> [WHAT YOU WILL DO]
Quote word for word from the line holding "Avotilaa 87.5m2, varasto" to the last line below, including both, and omit any pictures.
++++
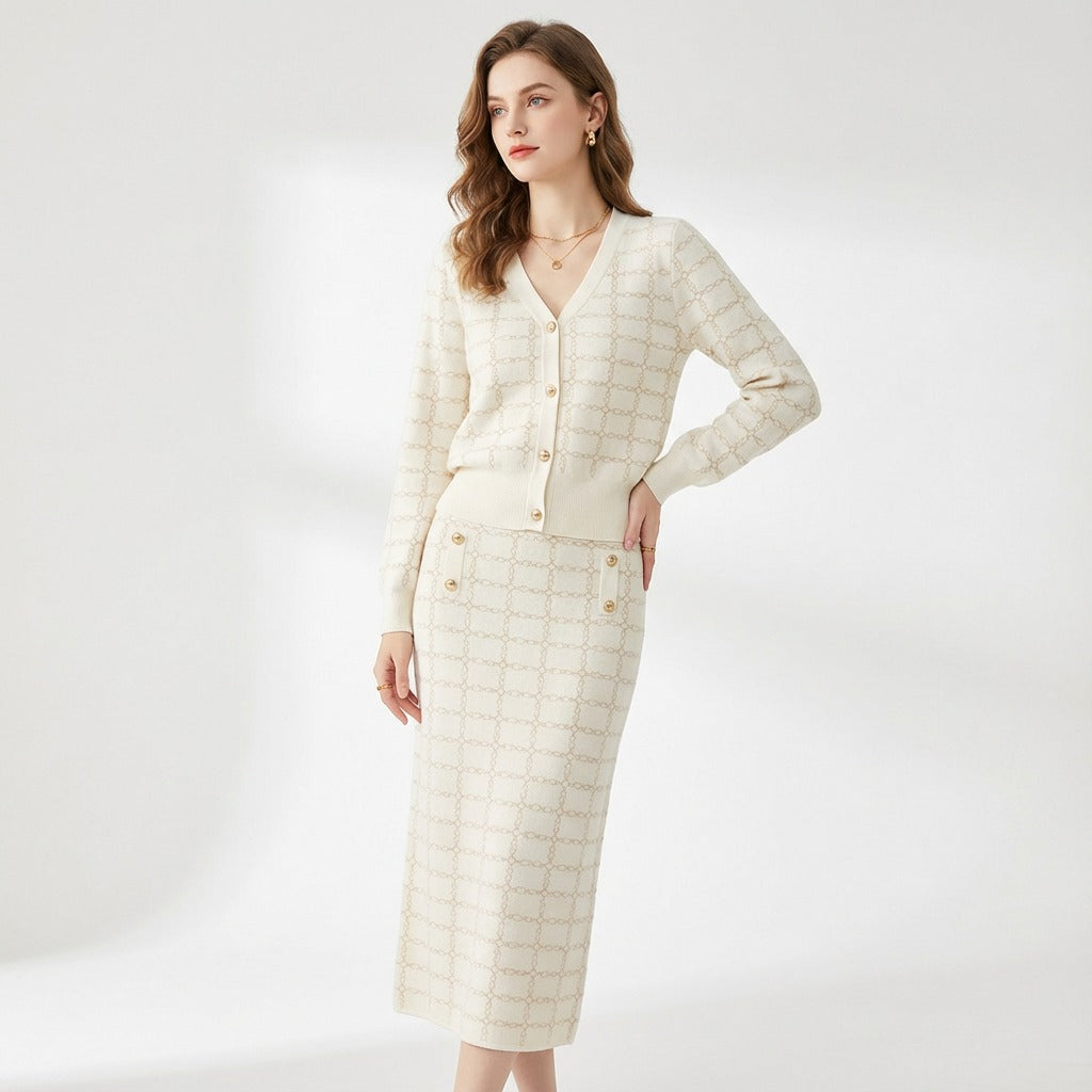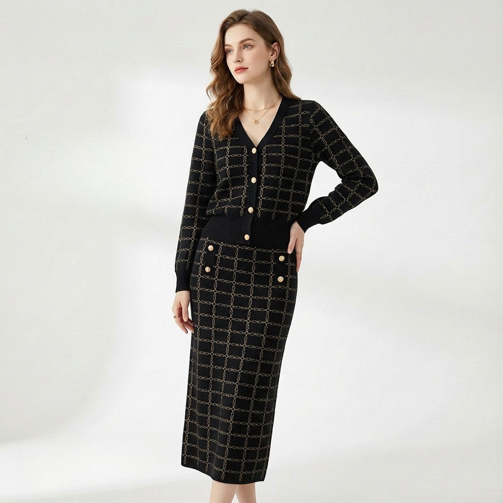 Productbeschrijving:Deze stijlvolle combinatie bestaat uit een trui en een lange kokerrok die de elegantie van de vrouw benadrukt. Verkrijgbaar in twee kleuren, ideaal voor vergaderingen, zakelijke diners of speciale gelegenheden. De trui heeft knopen en een rechte snit – een toonbeeld van verfij...
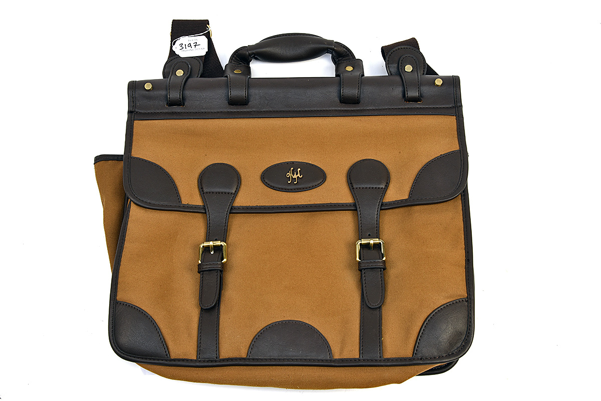 A LIGHTLY USED 'MAREMMANO' CANVAS AND LEATHER BAG, with canvas and leather shoulder strap. with brass initials 'K. H' on lid, brass fittings
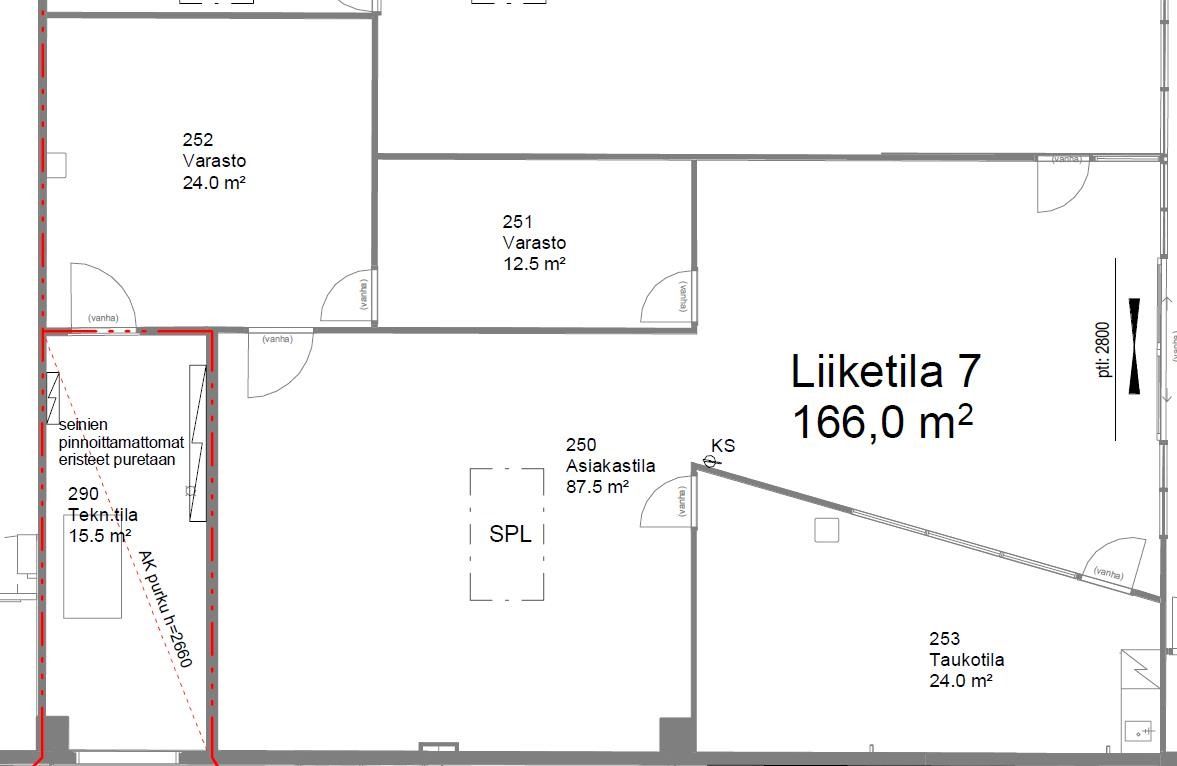 Avotilaa 87.5m2, varasto 24m2, varasto 12,5m2 sekä taukotila 24m2.
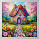 Whimsyfull stuga med livfull blomsterträdgård poster
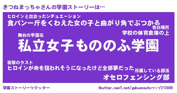| 女子向けラノベタイトル風あだ名 | 『きつねまっちゃ姫と円卓の騎士』 |
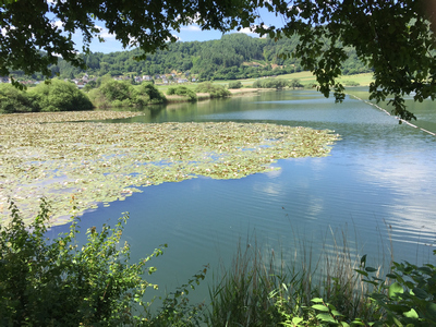 Größter Maartrichter der Eifel (vom Landesblick gute Übersicht über Maar und Landschaft). Die Wasserfläche ist durch Entwässerung verkleinert worden, weil die Anwohner dadurch ein größeres Ackerareal gewinnen wollten.
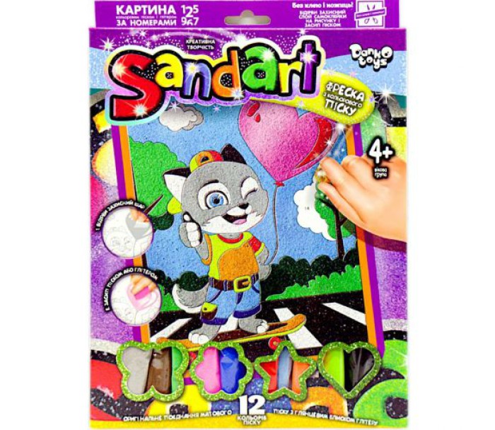 Комплектація: Картина-планшет, набір піску (12 кольорів), гліттерние блискітки, інструкція
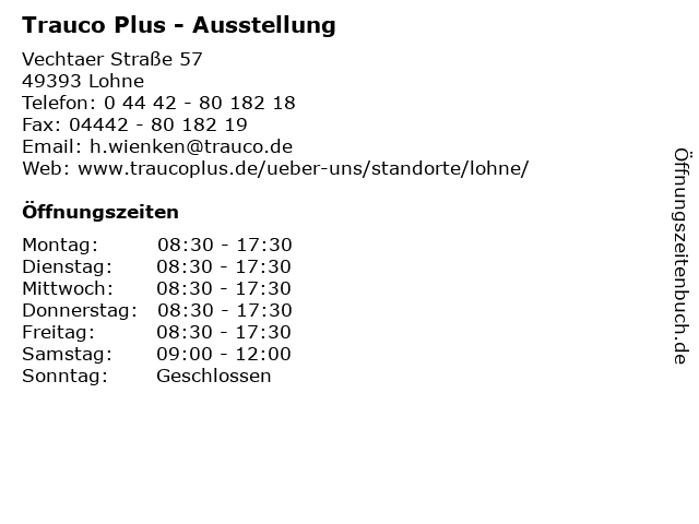 | Öffnungszeiten Trauco Plus - Ausstellung in Lohne anzeigen | |
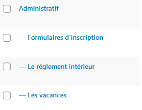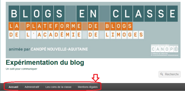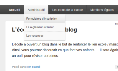 Par exemple sur la page d'accueil de Blogs en classe où (avec le thème Catch Box ) les pages apparaissent au lecteur dans un bandeau noir « Accueil », « Créez votre blog ? », « Assistance & tutoriels»... « Mentions Légales ».
++++
> [TASK ANSWER]
 Avotilaa 87.5m2, varasto 24m2, varasto 12,5m2 sekä taukotila 24m2.
 Whimsyfull stuga med livfull blomsterträdgård poster
| 女子向けラノベタイトル風あだ名 | 『きつねまっちゃ姫と円卓の騎士』 |
 Größter Maartrichter der Eifel (vom Landesblick gute Übersicht über Maar und Landschaft). Die Wasserfläche ist durch Entwässerung verkleinert worden, weil die Anwohner dadurch ein größeres Ackerareal gewinnen wollten.
 Комплектація: Картина-планшет, набір піску (12 кольорів), гліттерние блискітки, інструкція
 | Öffnungszeiten Trauco Plus - Ausstellung in Lohne anzeigen | |
 Par exemple sur la page d'accueil de Blogs en classe où (avec le thème Catch Box ) les pages apparaissent au lecteur dans un bandeau noir « Accueil », « Créez votre blog ? », « Assistance & tutoriels»... « Mentions Légales ».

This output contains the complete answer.